═══ INPUT RECORDS ═══

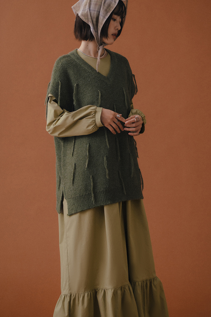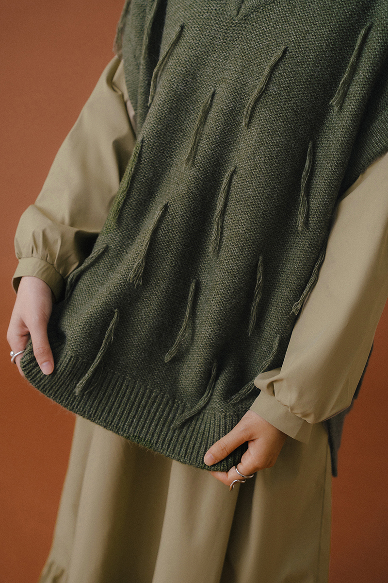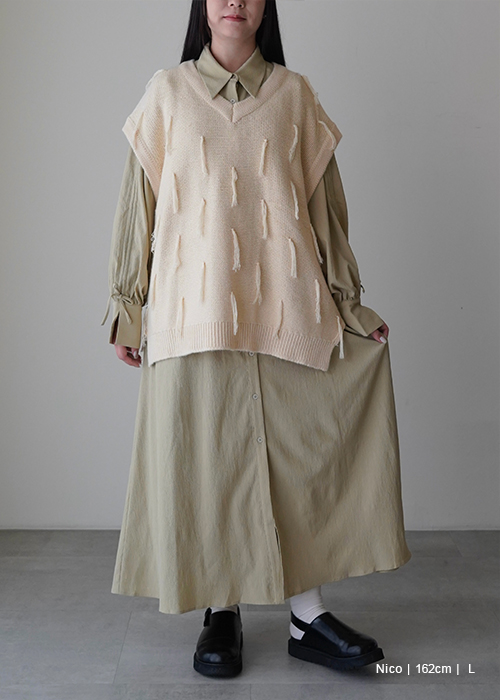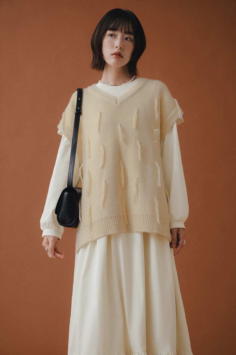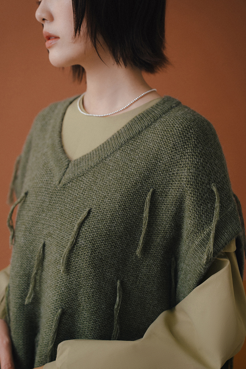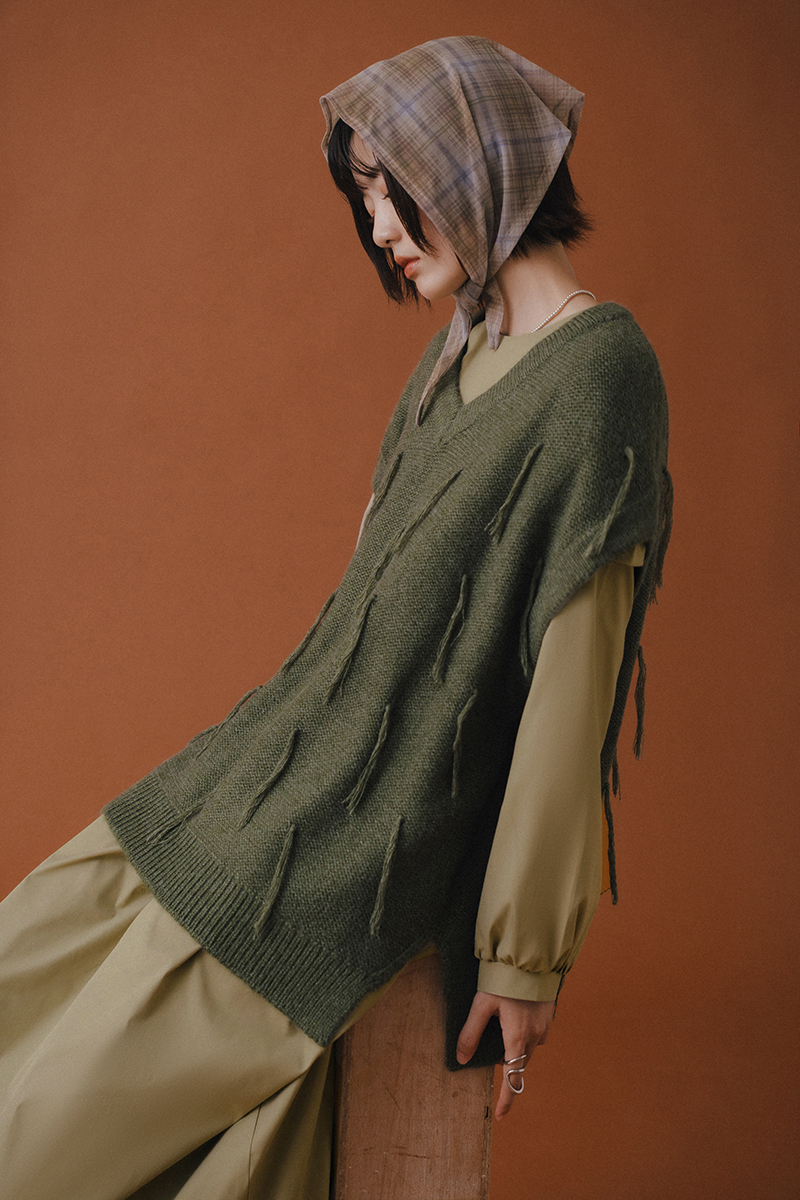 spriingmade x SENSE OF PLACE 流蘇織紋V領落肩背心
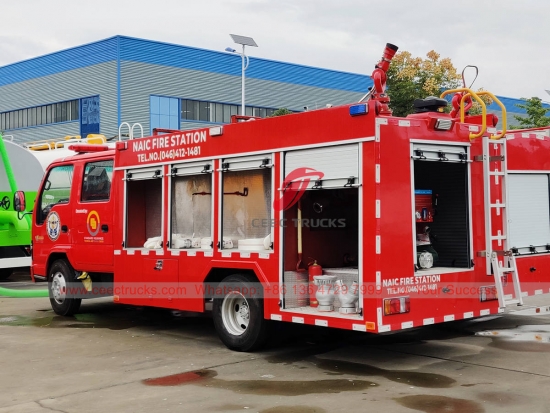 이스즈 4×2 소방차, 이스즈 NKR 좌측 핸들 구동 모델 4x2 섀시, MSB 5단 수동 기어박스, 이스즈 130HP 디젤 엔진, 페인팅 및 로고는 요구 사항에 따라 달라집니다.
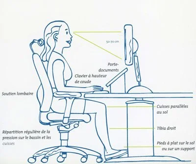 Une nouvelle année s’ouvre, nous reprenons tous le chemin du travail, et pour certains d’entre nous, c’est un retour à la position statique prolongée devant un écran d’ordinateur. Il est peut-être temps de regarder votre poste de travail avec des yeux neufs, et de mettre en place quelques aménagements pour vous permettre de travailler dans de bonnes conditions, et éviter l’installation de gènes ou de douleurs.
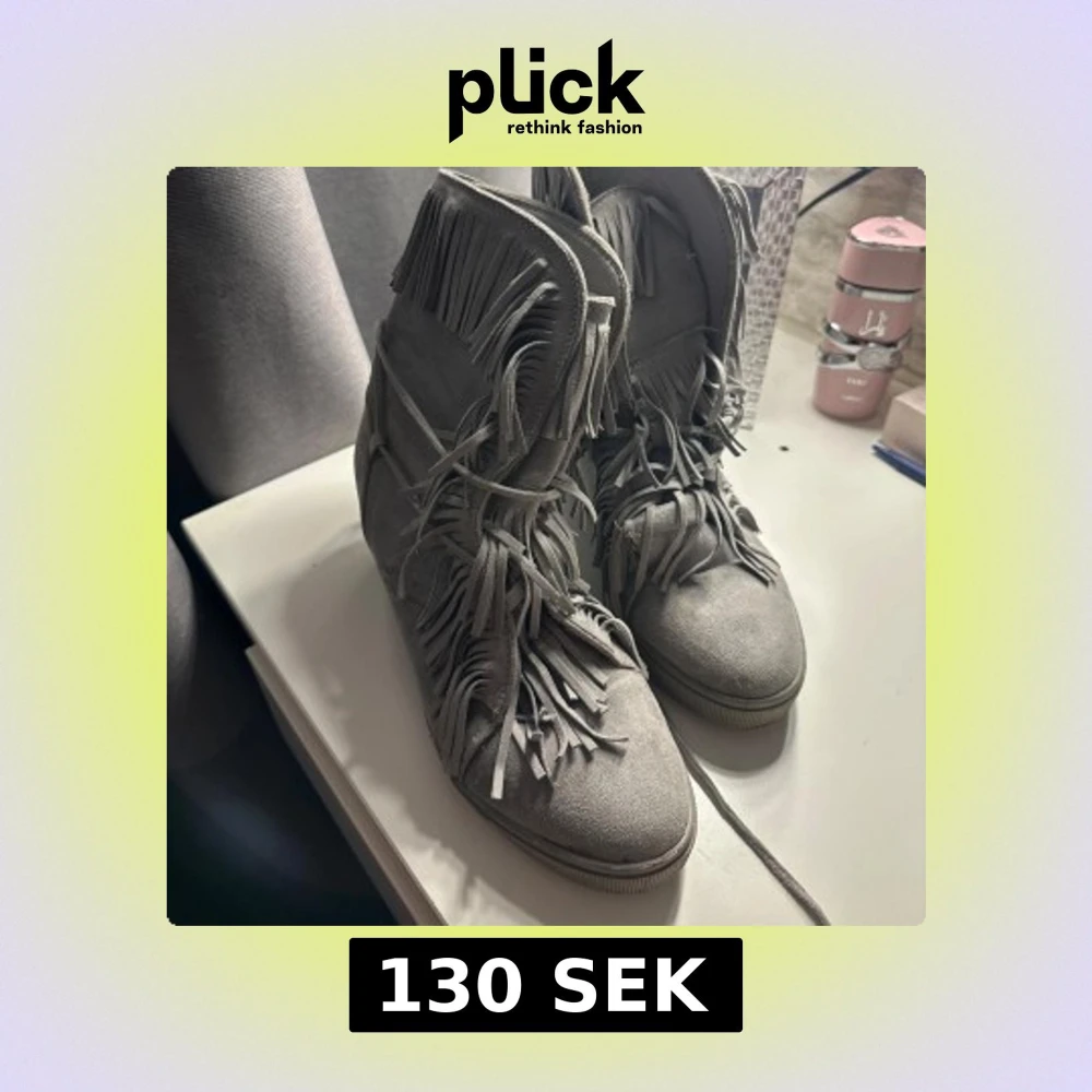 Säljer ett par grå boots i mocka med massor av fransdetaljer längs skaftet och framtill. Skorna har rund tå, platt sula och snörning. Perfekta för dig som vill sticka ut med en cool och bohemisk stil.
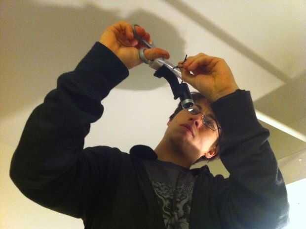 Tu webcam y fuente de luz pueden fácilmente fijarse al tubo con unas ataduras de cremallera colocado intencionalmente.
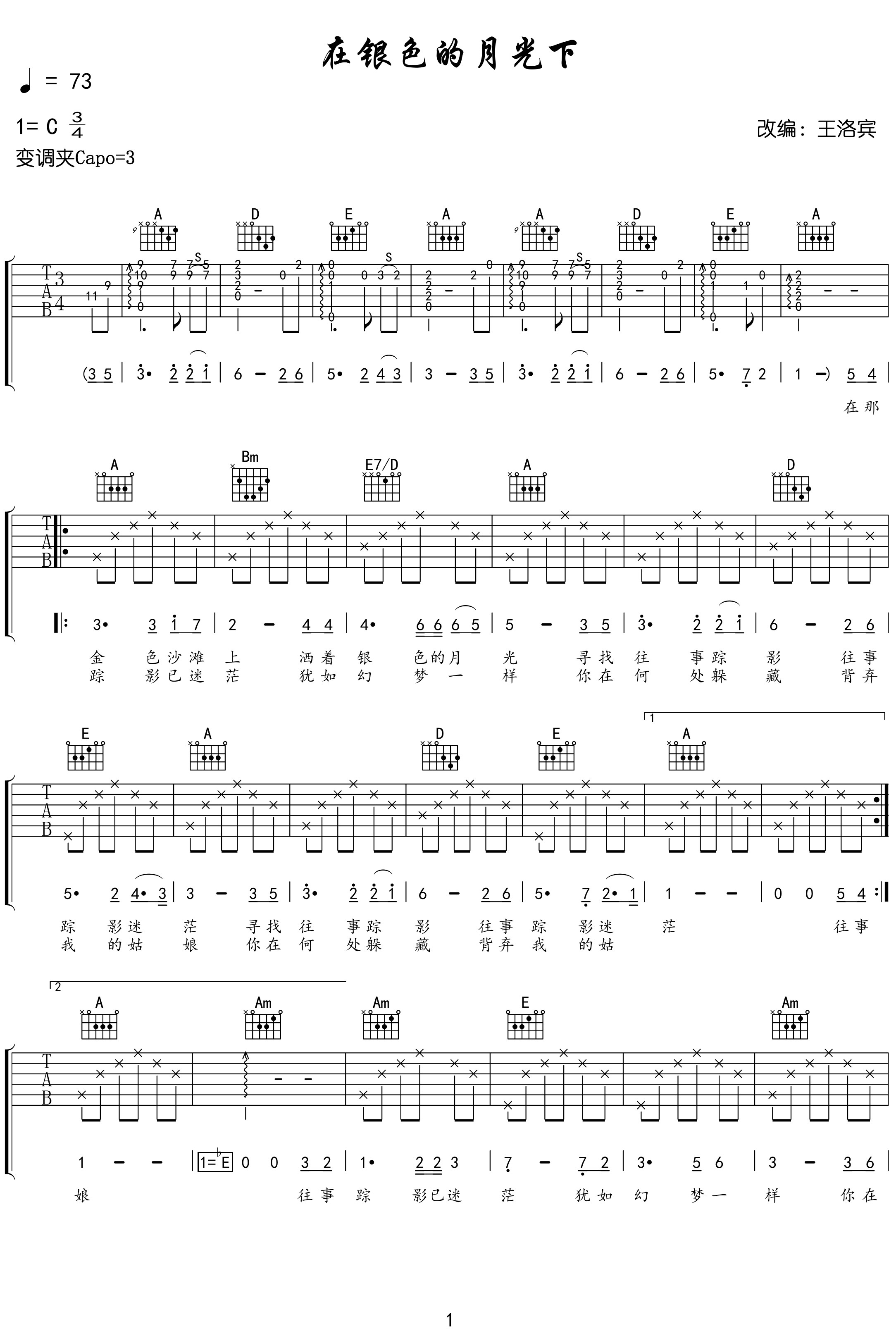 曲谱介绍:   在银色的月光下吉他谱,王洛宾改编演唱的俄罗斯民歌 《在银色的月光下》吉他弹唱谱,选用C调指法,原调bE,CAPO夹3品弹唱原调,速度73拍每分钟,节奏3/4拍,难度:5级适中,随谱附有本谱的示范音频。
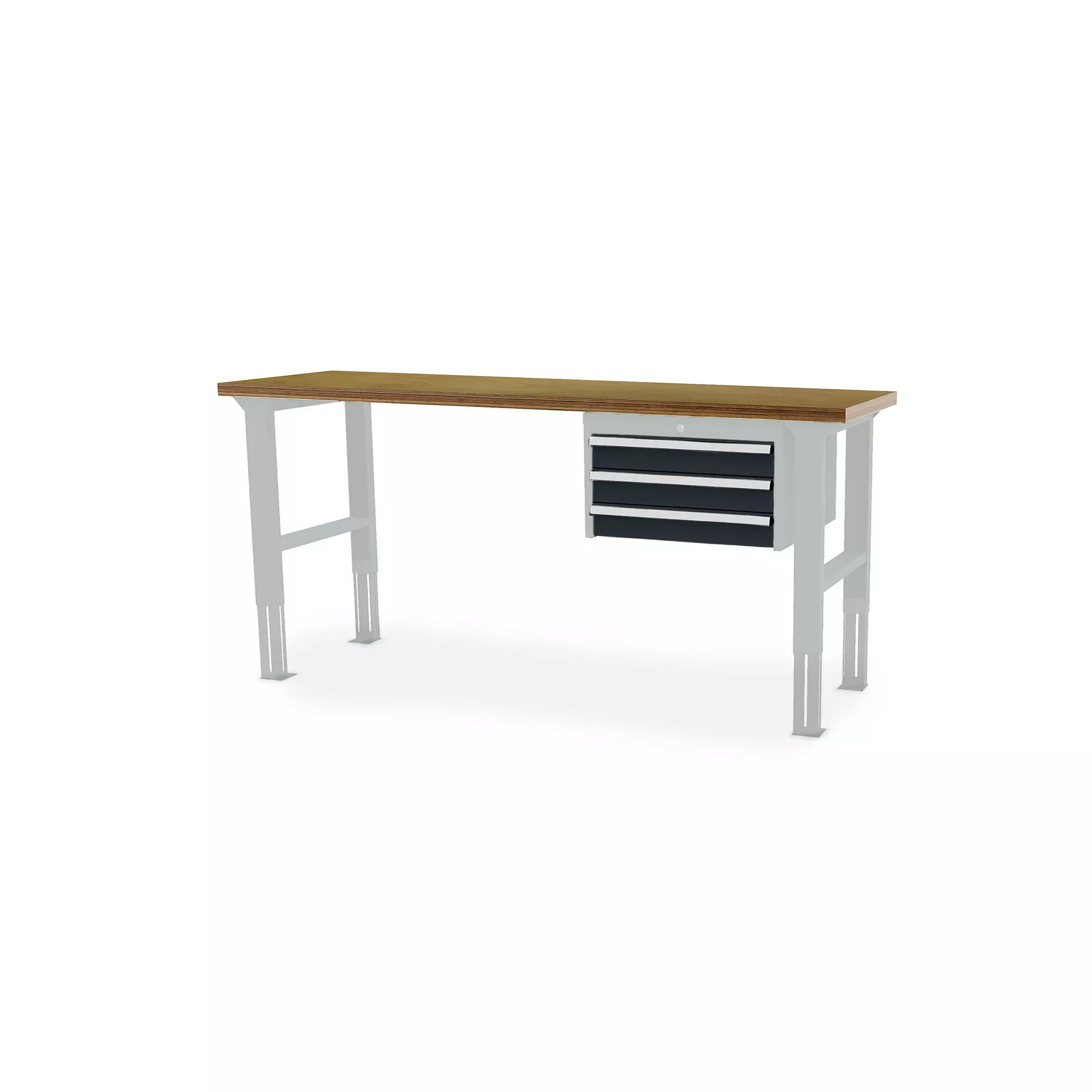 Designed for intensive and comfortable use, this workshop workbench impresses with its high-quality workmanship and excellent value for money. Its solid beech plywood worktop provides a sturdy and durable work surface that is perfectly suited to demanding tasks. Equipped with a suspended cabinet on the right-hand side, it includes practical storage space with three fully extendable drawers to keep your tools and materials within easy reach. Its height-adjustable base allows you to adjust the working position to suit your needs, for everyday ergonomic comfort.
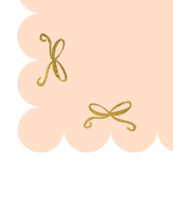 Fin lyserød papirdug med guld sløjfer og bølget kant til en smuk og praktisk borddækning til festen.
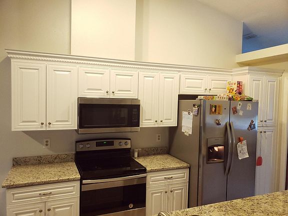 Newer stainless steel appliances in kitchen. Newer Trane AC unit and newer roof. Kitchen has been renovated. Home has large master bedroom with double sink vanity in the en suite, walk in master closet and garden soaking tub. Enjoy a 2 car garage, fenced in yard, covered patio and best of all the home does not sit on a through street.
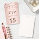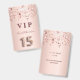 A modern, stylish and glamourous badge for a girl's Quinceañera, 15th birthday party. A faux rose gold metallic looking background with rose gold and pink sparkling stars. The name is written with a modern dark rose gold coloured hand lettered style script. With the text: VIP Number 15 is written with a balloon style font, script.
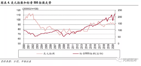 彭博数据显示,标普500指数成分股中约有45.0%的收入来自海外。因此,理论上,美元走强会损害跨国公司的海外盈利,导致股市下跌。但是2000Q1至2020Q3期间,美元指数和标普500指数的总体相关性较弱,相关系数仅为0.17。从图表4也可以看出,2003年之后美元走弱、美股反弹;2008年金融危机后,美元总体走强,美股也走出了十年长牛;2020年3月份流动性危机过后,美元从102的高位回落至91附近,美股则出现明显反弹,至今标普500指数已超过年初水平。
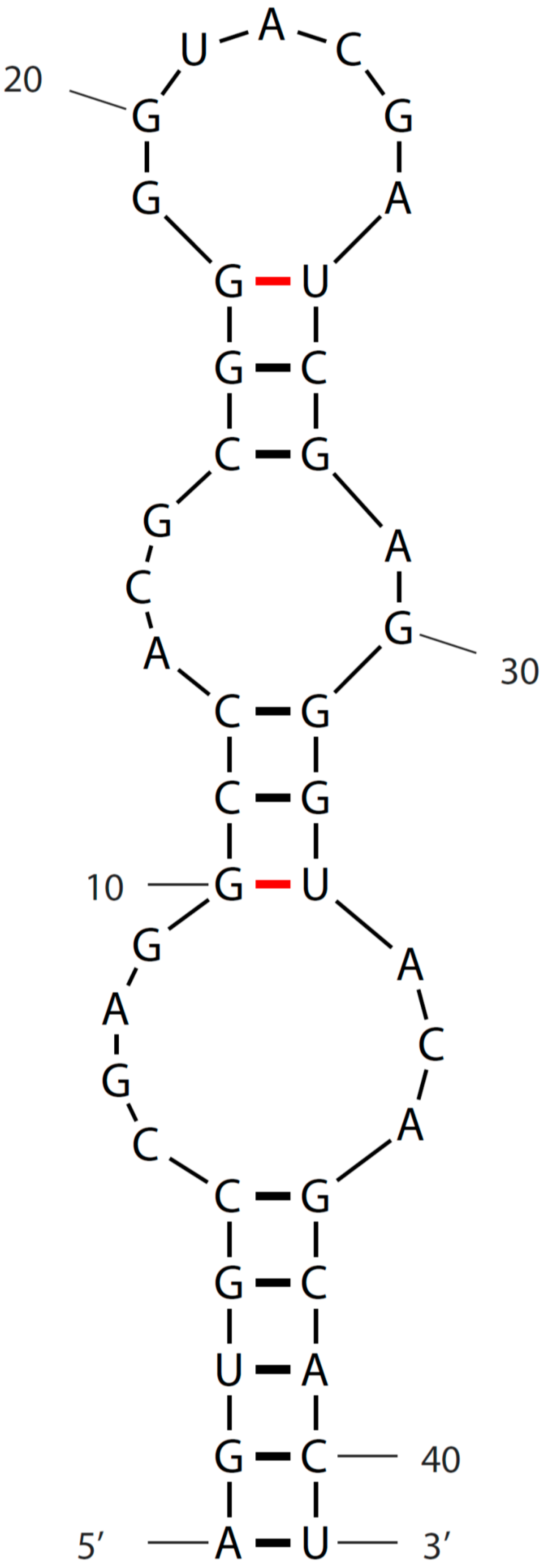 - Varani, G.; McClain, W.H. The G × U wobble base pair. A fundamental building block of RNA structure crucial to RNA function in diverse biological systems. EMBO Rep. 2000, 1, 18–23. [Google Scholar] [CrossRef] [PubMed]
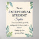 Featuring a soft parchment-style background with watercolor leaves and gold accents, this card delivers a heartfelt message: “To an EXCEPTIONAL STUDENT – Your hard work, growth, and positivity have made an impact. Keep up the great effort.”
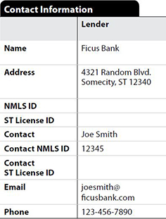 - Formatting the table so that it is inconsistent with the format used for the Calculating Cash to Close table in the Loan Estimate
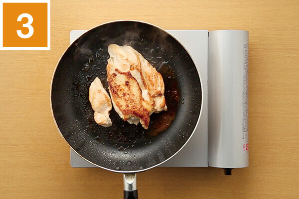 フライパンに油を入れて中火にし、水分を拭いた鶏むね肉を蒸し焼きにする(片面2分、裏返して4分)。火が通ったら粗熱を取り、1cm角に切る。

═══

#### REQUIRED WORK:
Print each record exactly as it stands, leaving the images out.

#### RESPONSE TO THIS EXERCISE:
 spriingmade x SENSE OF PLACE 流蘇織紋V領落肩背心
 이스즈 4×2 소방차, 이스즈 NKR 좌측 핸들 구동 모델 4x2 섀시, MSB 5단 수동 기어박스, 이스즈 130HP 디젤 엔진, 페인팅 및 로고는 요구 사항에 따라 달라집니다.
 Une nouvelle année s’ouvre, nous reprenons tous le chemin du travail, et pour certains d’entre nous, c’est un retour à la position statique prolongée devant un écran d’ordinateur. Il est peut-être temps de regarder votre poste de travail avec des yeux neufs, et de mettre en place quelques aménagements pour vous permettre de travailler dans de bonnes conditions, et éviter l’installation de gènes ou de douleurs.
 Säljer ett par grå boots i mocka med massor av fransdetaljer längs skaftet och framtill. Skorna har rund tå, platt sula och snörning. Perfekta för dig som vill sticka ut med en cool och bohemisk stil.
 Tu webcam y fuente de luz pueden fácilmente fijarse al tubo con unas ataduras de cremallera colocado intencionalmente.
 曲谱介绍:   在银色的月光下吉他谱,王洛宾改编演唱的俄罗斯民歌 《在银色的月光下》吉他弹唱谱,选用C调指法,原调bE,CAPO夹3品弹唱原调,速度73拍每分钟,节奏3/4拍,难度:5级适中,随谱附有本谱的示范音频。
 Designed for intensive and comfortable use, this workshop workbench impresses with its high-quality workmanship and excellent value for money. Its solid beech plywood worktop provides a sturdy and durable work surface that is perfectly suited to demanding tasks. Equipped with a suspended cabinet on the right-hand side, it includes practical storage space with three fully extendable drawers to keep your tools and materials within easy reach. Its height-adjustable base allows you to adjust the working position to suit your needs, for everyday ergonomic comfort.
 Fin lyserød papirdug med guld sløjfer og bølget kant til en smuk og praktisk borddækning til festen.
 Newer stainless steel appliances in kitchen. Newer Trane AC unit and newer roof. Kitchen has been renovated. Home has large master bedroom with double sink vanity in the en suite, walk in master closet and garden soaking tub. Enjoy a 2 car garage, fenced in yard, covered patio and best of all the home does not sit on a through street.
 A modern, stylish and glamourous badge for a girl's Quinceañera, 15th birthday party. A faux rose gold metallic looking background with rose gold and pink sparkling stars. The name is written with a modern dark rose gold coloured hand lettered style script. With the text: VIP Number 15 is written with a balloon style font, script.
 彭博数据显示,标普500指数成分股中约有45.0%的收入来自海外。因此,理论上,美元走强会损害跨国公司的海外盈利,导致股市下跌。但是2000Q1至2020Q3期间,美元指数和标普500指数的总体相关性较弱,相关系数仅为0.17。从图表4也可以看出,2003年之后美元走弱、美股反弹;2008年金融危机后,美元总体走强,美股也走出了十年长牛;2020年3月份流动性危机过后,美元从102的高位回落至91附近,美股则出现明显反弹,至今标普500指数已超过年初水平。
 - Varani, G.; McClain, W.H. The G × U wobble base pair. A fundamental building block of RNA structure crucial to RNA function in diverse biological systems. EMBO Rep. 2000, 1, 18–23. [Google Scholar] [CrossRef] [PubMed]
 Featuring a soft parchment-style background with watercolor leaves and gold accents, this card delivers a heartfelt message: “To an EXCEPTIONAL STUDENT – Your hard work, growth, and positivity have made an impact. Keep up the great effort.”
 - Formatting the table so that it is inconsistent with the format used for the Calculating Cash to Close table in the Loan Estimate
 フライパンに油を入れて中火にし、水分を拭いた鶏むね肉を蒸し焼きにする(片面2分、裏返して4分)。火が通ったら粗熱を取り、1cm角に切る。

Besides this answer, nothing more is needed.